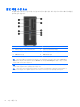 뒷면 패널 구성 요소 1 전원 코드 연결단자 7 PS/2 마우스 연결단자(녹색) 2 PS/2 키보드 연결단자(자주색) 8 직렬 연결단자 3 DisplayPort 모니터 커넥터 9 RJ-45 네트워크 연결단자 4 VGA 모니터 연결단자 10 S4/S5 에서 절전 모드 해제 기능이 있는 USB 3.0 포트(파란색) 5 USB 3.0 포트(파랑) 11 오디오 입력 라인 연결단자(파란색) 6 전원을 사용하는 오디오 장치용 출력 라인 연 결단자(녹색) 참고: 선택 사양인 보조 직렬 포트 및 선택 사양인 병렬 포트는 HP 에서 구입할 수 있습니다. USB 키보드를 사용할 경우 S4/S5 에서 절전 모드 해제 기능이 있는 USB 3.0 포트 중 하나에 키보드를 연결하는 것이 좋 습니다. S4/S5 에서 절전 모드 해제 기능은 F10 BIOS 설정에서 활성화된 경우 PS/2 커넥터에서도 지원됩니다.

*****

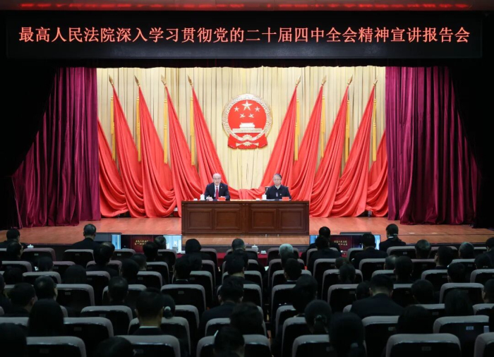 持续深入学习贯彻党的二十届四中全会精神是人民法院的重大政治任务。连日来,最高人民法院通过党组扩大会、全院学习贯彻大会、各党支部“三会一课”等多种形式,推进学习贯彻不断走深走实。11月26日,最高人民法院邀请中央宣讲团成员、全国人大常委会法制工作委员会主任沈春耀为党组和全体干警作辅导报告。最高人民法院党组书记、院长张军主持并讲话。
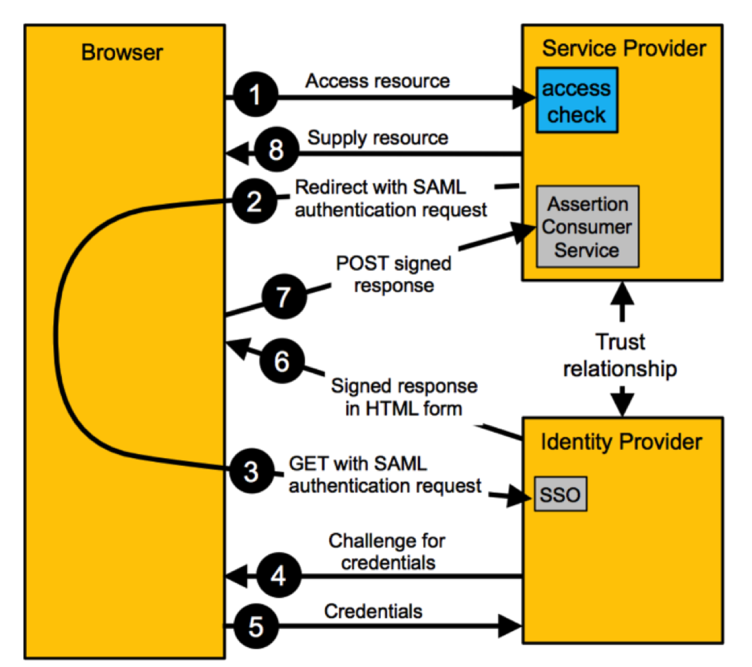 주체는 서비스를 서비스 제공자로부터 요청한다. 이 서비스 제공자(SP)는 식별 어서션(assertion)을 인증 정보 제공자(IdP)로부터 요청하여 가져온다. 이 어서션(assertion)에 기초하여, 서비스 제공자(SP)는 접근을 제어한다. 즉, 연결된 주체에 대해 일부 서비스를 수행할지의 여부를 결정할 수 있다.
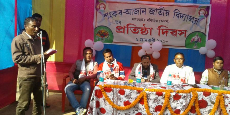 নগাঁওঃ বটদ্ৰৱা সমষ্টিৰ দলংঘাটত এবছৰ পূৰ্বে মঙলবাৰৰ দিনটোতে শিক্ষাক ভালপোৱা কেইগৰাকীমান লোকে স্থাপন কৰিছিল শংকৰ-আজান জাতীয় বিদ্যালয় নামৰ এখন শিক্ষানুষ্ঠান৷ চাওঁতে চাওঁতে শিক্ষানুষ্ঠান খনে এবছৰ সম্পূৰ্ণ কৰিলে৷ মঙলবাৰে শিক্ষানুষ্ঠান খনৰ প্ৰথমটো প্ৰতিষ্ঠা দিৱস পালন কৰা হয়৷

*****

--- Exercise prompt ---
The lines above from the line with "주체는 서비스를 서비스" through the line with "নগাঁওঃ বটদ্ৰৱা সমষ্টিৰ" are to be given again word for word, with no pictures among them.

--- Task output ---
 주체는 서비스를 서비스 제공자로부터 요청한다. 이 서비스 제공자(SP)는 식별 어서션(assertion)을 인증 정보 제공자(IdP)로부터 요청하여 가져온다. 이 어서션(assertion)에 기초하여, 서비스 제공자(SP)는 접근을 제어한다. 즉, 연결된 주체에 대해 일부 서비스를 수행할지의 여부를 결정할 수 있다.
 নগাঁওঃ বটদ্ৰৱা সমষ্টিৰ দলংঘাটত এবছৰ পূৰ্বে মঙলবাৰৰ দিনটোতে শিক্ষাক ভালপোৱা কেইগৰাকীমান লোকে স্থাপন কৰিছিল শংকৰ-আজান জাতীয় বিদ্যালয় নামৰ এখন শিক্ষানুষ্ঠান৷ চাওঁতে চাওঁতে শিক্ষানুষ্ঠান খনে এবছৰ সম্পূৰ্ণ কৰিলে৷ মঙলবাৰে শিক্ষানুষ্ঠান খনৰ প্ৰথমটো প্ৰতিষ্ঠা দিৱস পালন কৰা হয়৷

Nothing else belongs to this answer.